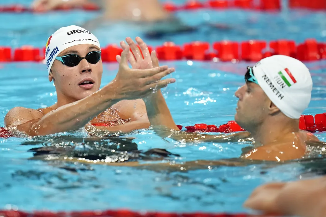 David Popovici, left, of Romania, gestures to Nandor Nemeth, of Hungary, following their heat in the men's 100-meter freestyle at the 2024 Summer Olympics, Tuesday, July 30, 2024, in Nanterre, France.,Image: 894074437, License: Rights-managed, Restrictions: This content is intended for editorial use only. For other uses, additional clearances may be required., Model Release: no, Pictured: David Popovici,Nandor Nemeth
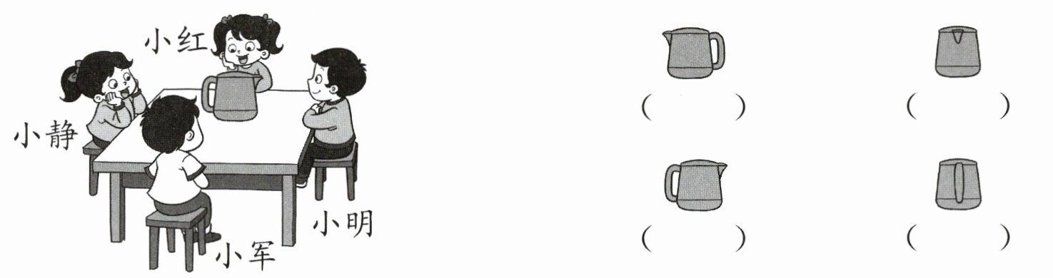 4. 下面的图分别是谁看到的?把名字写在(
...
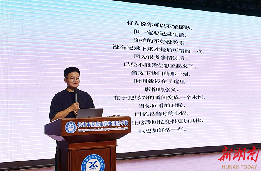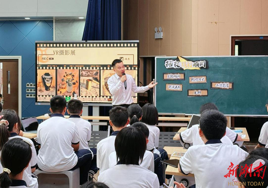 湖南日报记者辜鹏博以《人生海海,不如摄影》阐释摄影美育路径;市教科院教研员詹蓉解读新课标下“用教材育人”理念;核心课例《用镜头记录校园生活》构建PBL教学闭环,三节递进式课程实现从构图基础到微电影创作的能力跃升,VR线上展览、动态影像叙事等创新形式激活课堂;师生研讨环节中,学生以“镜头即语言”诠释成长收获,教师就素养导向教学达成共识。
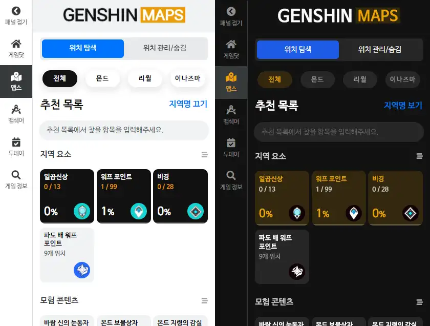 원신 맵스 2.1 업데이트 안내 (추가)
...
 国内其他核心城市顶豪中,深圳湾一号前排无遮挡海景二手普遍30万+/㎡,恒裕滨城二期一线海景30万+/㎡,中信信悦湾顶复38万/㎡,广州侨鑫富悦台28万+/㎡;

◆ **Aim of the exercise**
Look above for the line with "湖南日报记者辜鹏博以《人生海" and the line with "원신 맵스 2.1 업데이트 안내 (추가)"; set down those two lines and all lines between them exactly, without pictures and without anything else.

◆ **Exercise response**
 湖南日报记者辜鹏博以《人生海海,不如摄影》阐释摄影美育路径;市教科院教研员詹蓉解读新课标下“用教材育人”理念;核心课例《用镜头记录校园生活》构建PBL教学闭环,三节递进式课程实现从构图基础到微电影创作的能力跃升,VR线上展览、动态影像叙事等创新形式激活课堂;师生研讨环节中,学生以“镜头即语言”诠释成长收获,教师就素养导向教学达成共识。
 원신 맵스 2.1 업데이트 안내 (추가)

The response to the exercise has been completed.